Divide the total water used by the produce harvested. Total water (in litres) divided by yield (in kilograms) gives litres per kg; the same in cubic metres over tonnes gives m³ per tonne. This tool takes your water use and yield and reports both figures, so you can read it in whichever units suit your record-keeping.

What is a typical water footprint for crops?+

It varies enormously by crop and climate. Cereals like wheat often sit in the hundreds to low thousands of litres per kg, rice is higher because of standing water, and many vegetables are lower per kg of fresh weight. The exact number depends on yield, climate and irrigation method, so compare like with like in your own conditions.

Why does the water footprint matter?+

It reframes water use around output rather than input. A field that uses a lot of water but yields heavily can have a lower footprint than a thrifty field that yields poorly. Tracking litres per kg shows where water productivity can improve and helps you compare crops, varieties and practices on a fair basis.
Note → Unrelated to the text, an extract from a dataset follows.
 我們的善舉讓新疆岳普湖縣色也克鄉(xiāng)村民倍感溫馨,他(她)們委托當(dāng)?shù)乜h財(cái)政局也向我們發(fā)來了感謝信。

How can I lower a crop's water footprint?+

Anything that raises yield per drop helps: drip irrigation and mulching cut evaporation and losses, good agronomy and healthy soils lift yield, and matching the crop to the climate avoids wasted water. Because the footprint is water divided by yield, improving either the numerator or the denominator brings it down.

What is virtual water?+

Virtual water is the water embedded in a product — essentially its water footprint carried with the goods when they are traded. A tonne of grain effectively 'contains' the water it took to grow, so importing food imports virtual water. The litres-per-kg figure here is the building block of that idea.
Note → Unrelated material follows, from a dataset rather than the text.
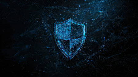 This visually striking representation showcases an abstract shield made of glowing particles in blue and gold hues, symbolizing digital protection and security.

Should I count rainfall or only irrigation?+

It depends on the question. The total water footprint includes rain (green water) and irrigation (blue water); a blue water footprint counts only the irrigation and other applied water. Enter whichever total matches what you want to study — for water-saving decisions, the applied irrigation water is usually the most actionable.

Can I compare crops with different prices or weights?+

Yes, but keep the basis consistent. Compare fresh weight to fresh weight, or convert to dry weight, and be clear whether you mean marketable yield or total biomass. The tool reports litres per kg and m³ per tonne for the yield you enter, so a fair comparison depends on entering comparable yields.

Is the result exact?+

The division is exact for the numbers you enter, so the footprint is precise. The real-world accuracy depends on how well you measure total water used and harvested yield. For meaningful comparisons, measure both consistently across seasons and treatments rather than mixing estimates with metered figures.